According to UBS, the Indian economy is expected to grow at 8.5 per cent next year, making the nation the fastest growing economy globally.
“Any kind of growth rate like [8.5 per cent] should be positive for exporters of steel and coal,” said UBS Wealth Management head of investment strategy David Sokulsky.
However, “how positive and how beneficial it is, we are yet to see that”.
Mr Sokulsky said the extent to which Australia’s iron ore industry will benefit hinges on how much India sources domestically versus how much it sources externally.
He pointed out that it is too soon to tell whether India’s growth will translate into a greater demand for Australian iron ore.
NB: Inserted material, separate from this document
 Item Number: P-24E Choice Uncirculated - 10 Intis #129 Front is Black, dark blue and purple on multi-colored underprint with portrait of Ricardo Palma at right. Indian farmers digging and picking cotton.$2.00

If demand for Australian iron ore increases, “that would be great for us, great for the economy,” he said.
There are a number of factors underpinning India’s economic performance.
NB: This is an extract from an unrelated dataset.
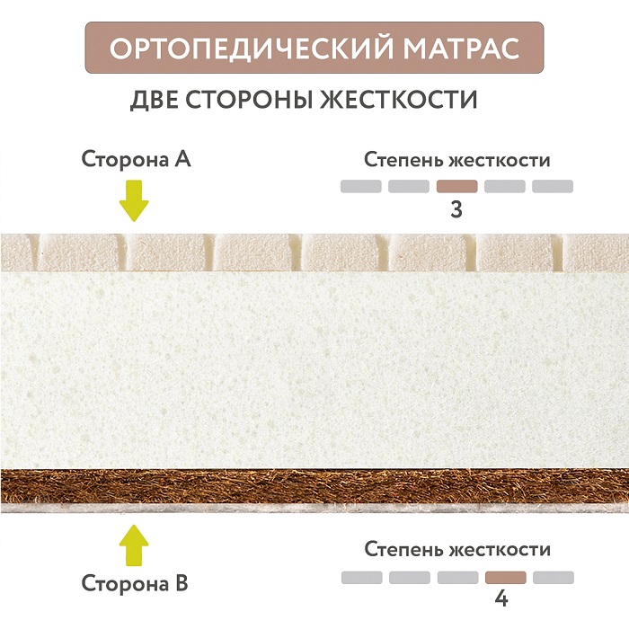 Более жесткая сторона матраса (условная жесткость 4 из 5, тут натуральная кокосовая койра) рекомендуется для иправления нарушений в осанке.

Mr Sokulsky notes the election of Prime Minister Narendra Modi in 2014 as a turning point.
“There are a number of structural changes coming into place,” he adds.
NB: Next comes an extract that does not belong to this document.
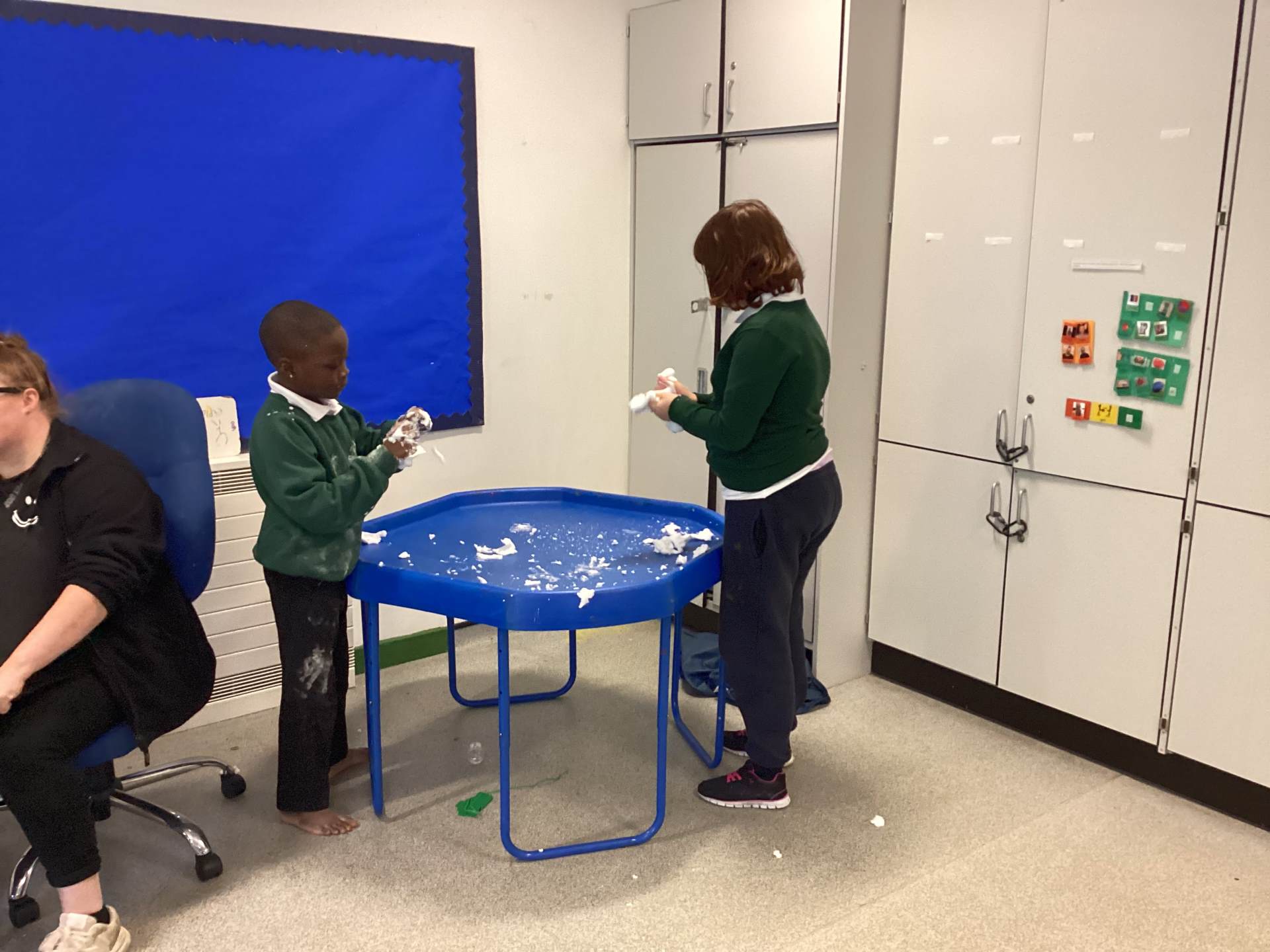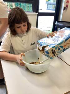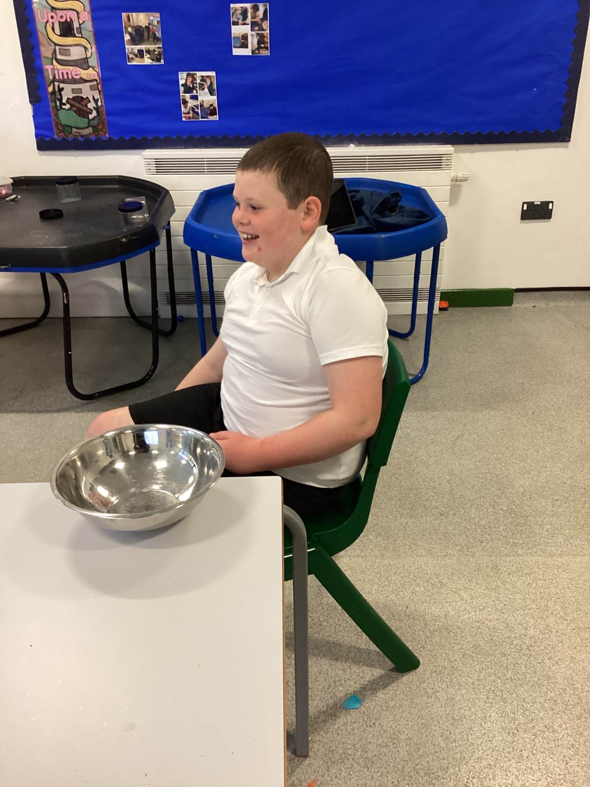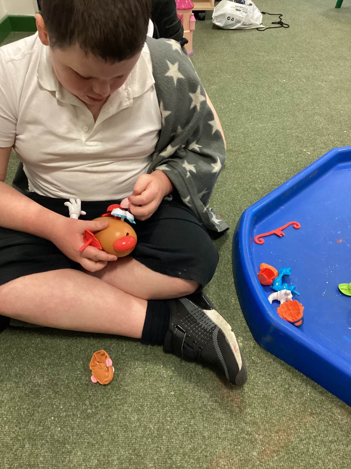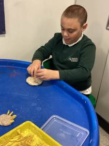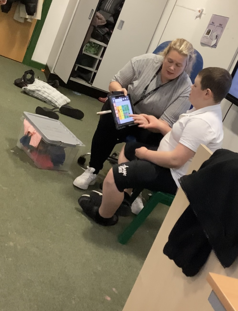 During the school day, we utilise a communication app called TD Snap Core, which is used in various ways, such as requesting breakfast, lunch, and snacks. It is also employed in lessons throughout the day, including communication, music, and magic box activities. During our communication sessions, it is used to request a variety of objects needed to complete tasks; currently, we are learning to use the app to create two to three-word sentences, for example, “Open soil” or “Sophie, open soil.” A few examples of activities we have participated in include making a playdough face, planting magic beans, creating a bear sandwich, and crafting magic wands.

The implementation of a GST which results in the spending of raised capital, and providing every Indian citizen with a bank account, will continue to be drivers of growth.
“Some of those things are very important in terms of the growth of the country,” Mr Sokulsky said.
There has also been a pick-up in industrial production.
Inflation has reduced from roughly 7.5 per cent, Mr Sokulsky said.
“Cutting interest rates … then allows more economic growth, more credit creation and borrowing,” he explained.
Moreover, there is increased positivity due to Modi “pushing the economy forward”.
“There are number things that are going on, on the ground, which are important,” Mr Sokulsky concluded.
UBS is set to increase its Indian asset allocation in the near future, he added.